I have been wanting to do a video to explain how easy it is to install the LiFeBATT system for a while. We had a free weekend recently, so with help from Steve at www.jozzbikes.co.uk and Andy at http://www.evmotorcycle.org, we converted a Ducati to EV, please excuse my wooden, sometimes 'Game Show' host delivery. Certainly not the polished performance we get from Gav.







Also see EV Motorcycle blog: http://www.evmotorcycle.org/home/node/41

Cheers,

Ian


----------



## frodus (Apr 12, 2008)

Hey Ian, its Travis... Sorry I've been out of touch, its been busy!
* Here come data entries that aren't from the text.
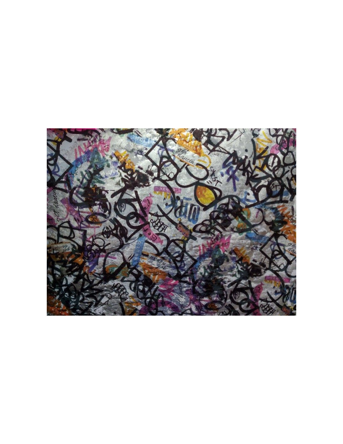 Tejido licra estampada con motivos de grafitis. Tiene una anchura de 1,50m. Se vende por metros.
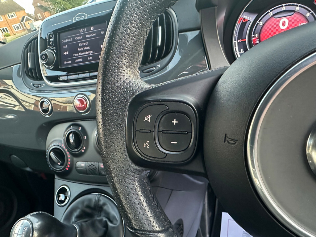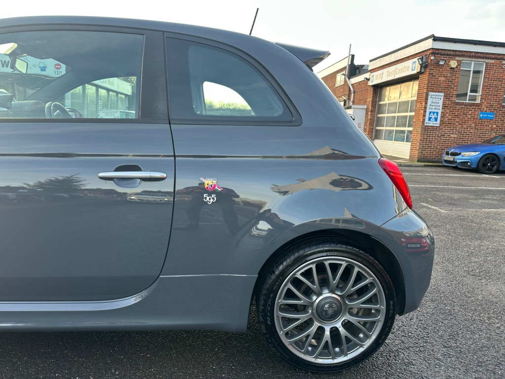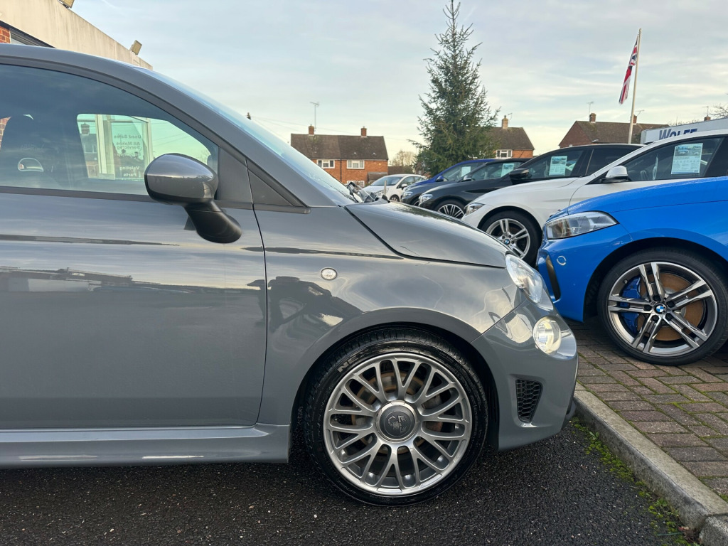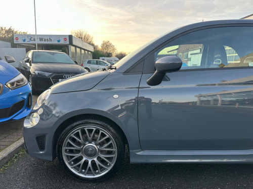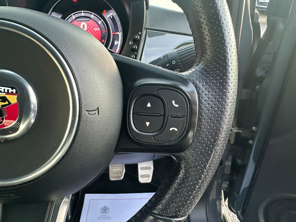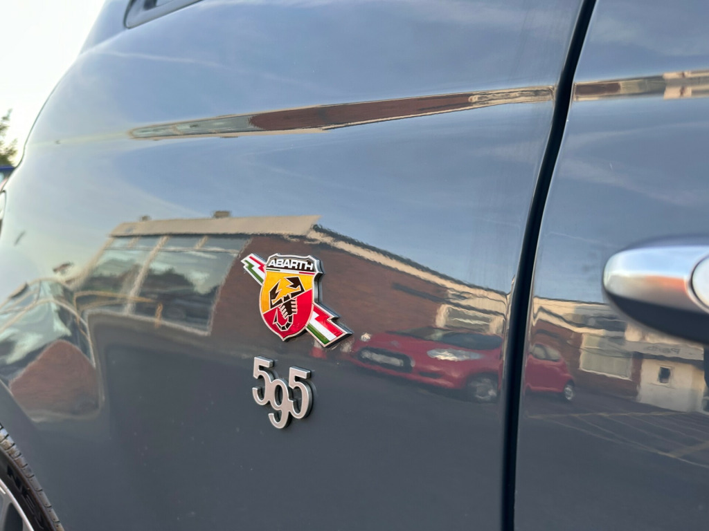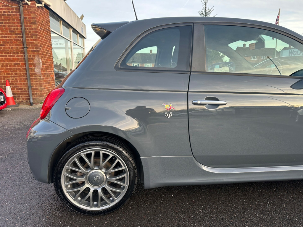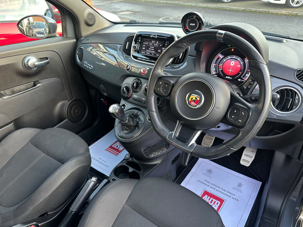For sale is a 2018 Abarth 1.4 T-Jet Hatchback with only 45766 miles on the clock. This three-door, four-seat vehicle is powered by a petrol engine and comes with a manual transmission. It's ULEZ compliant and has an MOT that expires on 13/10/2026. The car comes with 17in alloy wheels, a 5in touchscreen radio with Bluetooth, USB and DAB, as well as a 12V power point. The exterior is finished in a sleek pastel Circuit Grey, complementing the black fabric interior. With its Euro 6 certification and 145ps engine, this Abarth is a stylish and efficient choice for any driver. v power point, 5in touchscreen radio with bluetooth - usb - dab, racing cockpit display, uconnect access via mobile, white illumination for manometer, 16in alloy wheels - 8-spoke anthracite, electric body colour external mirrors, electric windows - front, fix and go puncture repair kit, heated door mirrors, lateral 595 logos, matt black front and rear bumper insert, satin chrome finishing, twin chrome abarth exhaust, 7in tft instrument cluster, body colour dashboard cover, closed glove box - net storage, leather wrapped binnacle hood, racing steel pedals, satin chrome finished dashboard, satin chrome finished gear knob, satin chrome finishing for all interior details, seats - height adjustable - front, seats - passengers memory function, split folding 50:50 rear seat, steering wheel - height adjustment, steering wheel with viewfinder and controls satin chrome finishing, abs - anti-lock braking system, airbags - driver, airbags - drivers knee, airbags - front side, airbags - passenger, airbags - window, central locking - remote, ebd - electronic brakeforce distribution, electronic stability control-asr-hill holder, electrically assisted power steering - dualdrive with sport mode, high performance brakes, sport button, tpms - tyre pressure monitoring system, ttc - torque transfer control, front fog lights, led day running lights - drl, poly-elliptical headlights
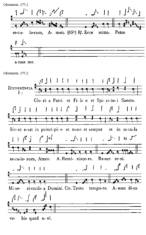 [Odorannus, 177,2; text: Differentia I: Gloria Patri et Filio et Spiritui Sancto. Sicut erat in principio et nunc et semper et in secula seculorum, Amen. Antiphona. Reminiscere. Resurrexi. Misericordia Domini. Communio Tanto tempore. Amen dico vobis quod uni.]
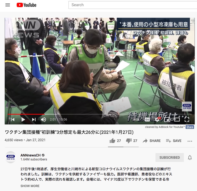 ワクチン集団接種“初訓練”3分想定も最大26分に(2021年1月27日) – Vaccine mass vaccination "first training" assumed 3 minutes and up to 26 minutes (January 27, 2021)
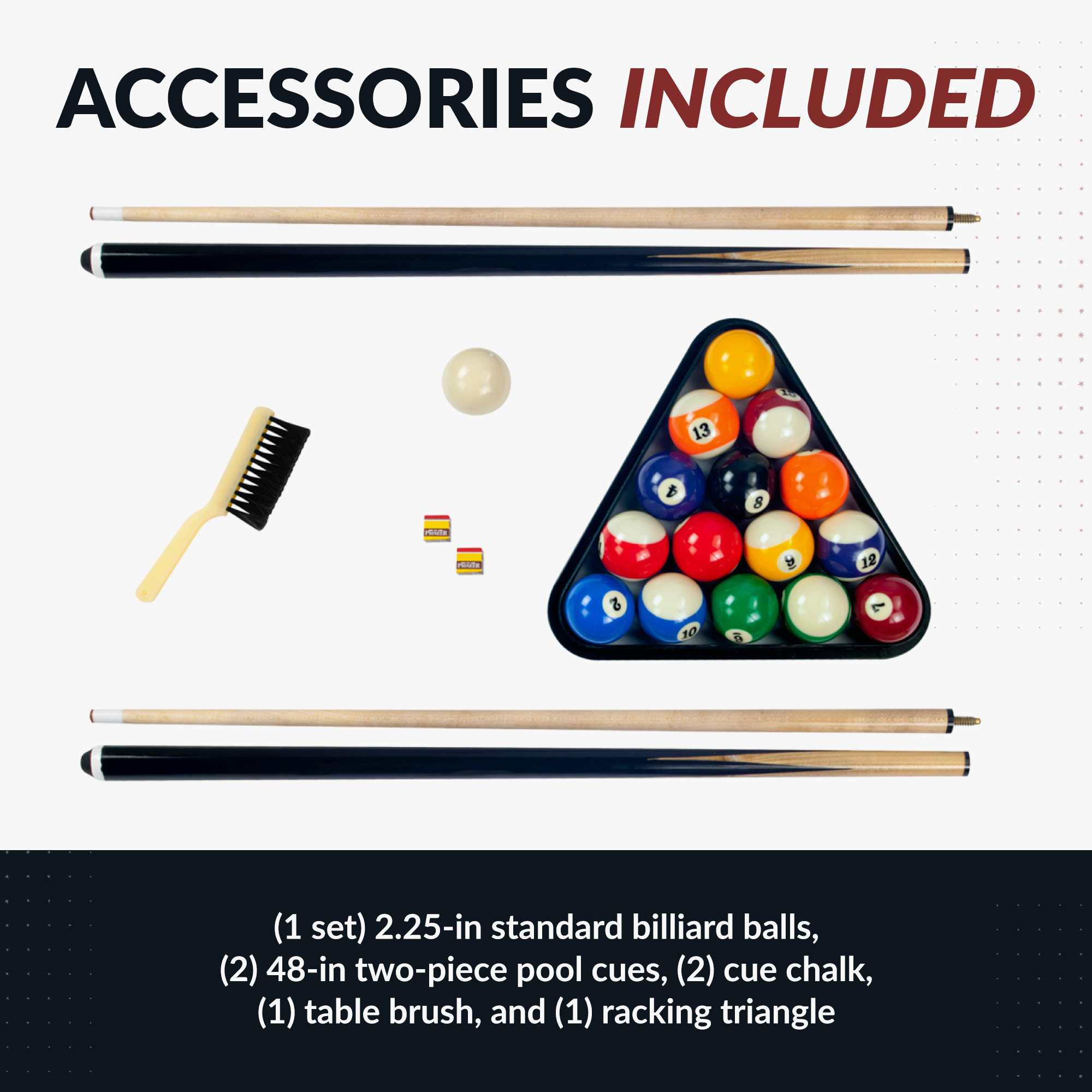 The unique Hathaway Pendleton 6-ft Pool Table is the perfect addition to any game room, basement, or den. Its compact, 6-foot frame is perfect for kids learning the game and adults will appreciate its high-quality construction and simple, space-saving design. Super easy to set up and even easier to store, this table is certain to provide hours of fun and competitive play for both children and adults. Includes all pool table accessories.180-day limited warranty.
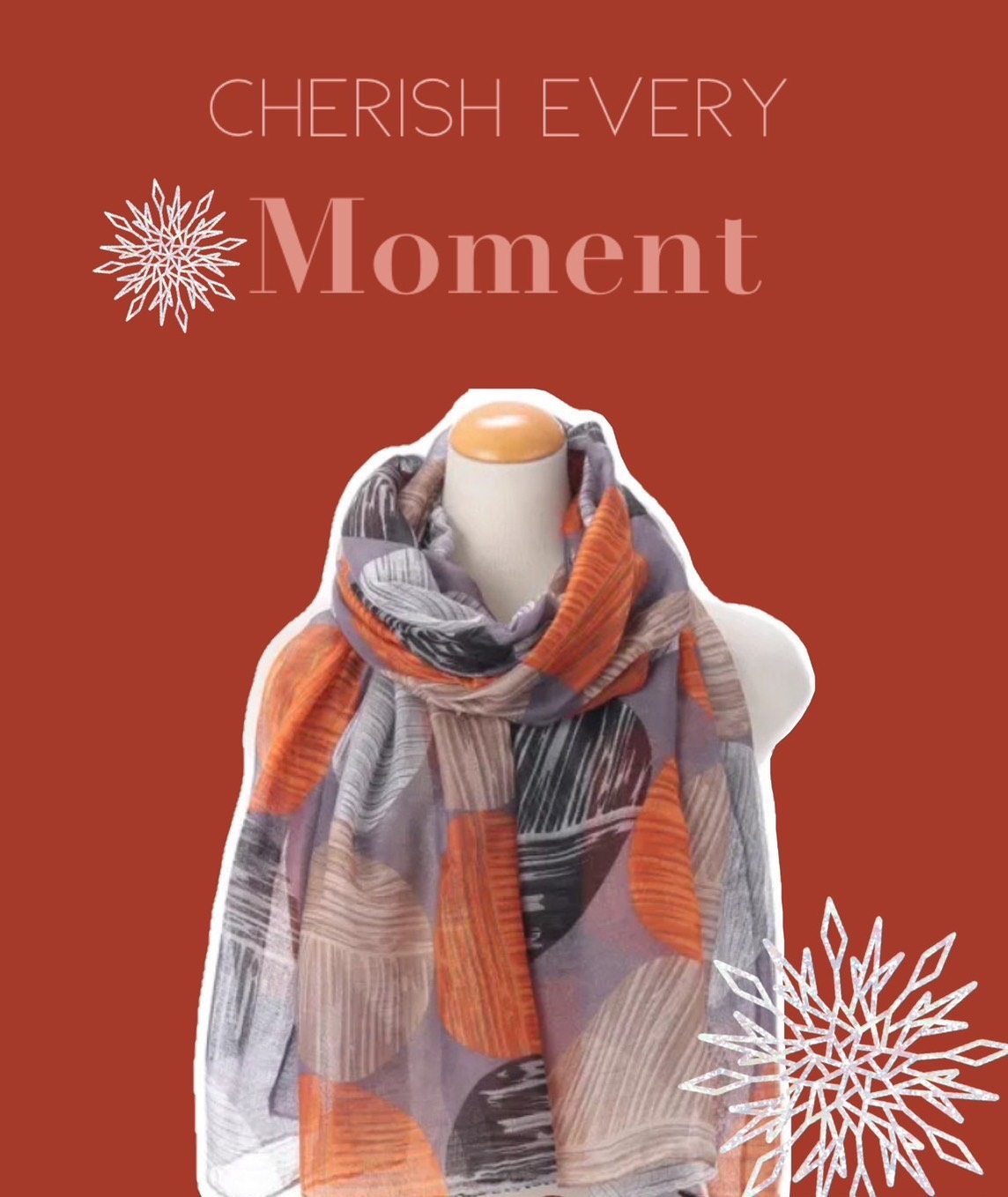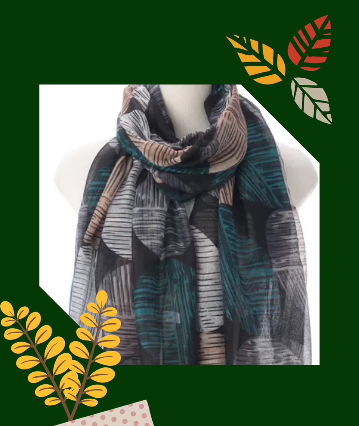 這款採用抗皺聚酯纖維製成,幾何圖案受到各個年齡層的喜愛,沉穩色調展現洗鍊成熟風情,即使搭配簡約的服裝,只要將它圍在脖子上,也能展現優雅氣質。

Bike looks great, the BMS looks snappy too. Great job!


----------



## LiFeBATT_UK (Jun 2, 2008)

Hi Travis,

I hear your TTXGP entry is coming along nicely!

Are you going to blog/video your bike build?

Good luck.

Ian


----------



## frodus (Apr 12, 2008)

well, we're taking lots of photos, and we have some video in the works, we're just making sure we don't prematurely release details/photos. But it's coming along nicely 

I'm glad to see the Duke running, its a great looking bike... can't wait to have ours race against it.


----------



## JRP3 (Mar 7, 2008)

Nice vid, makes it all look easy.


----------



## Guest (Feb 20, 2009)

Kudos on a nice conversion and a simple explanation of things and a sweet simple build. You do make it look sooooo easy. : )

PS. Your presentation is just fine.


----------



## LiFeBATT_UK (Jun 2, 2008)

Hi guys,

Thanks for the encouragement. By the way, I don't make it look easy, it actually is! 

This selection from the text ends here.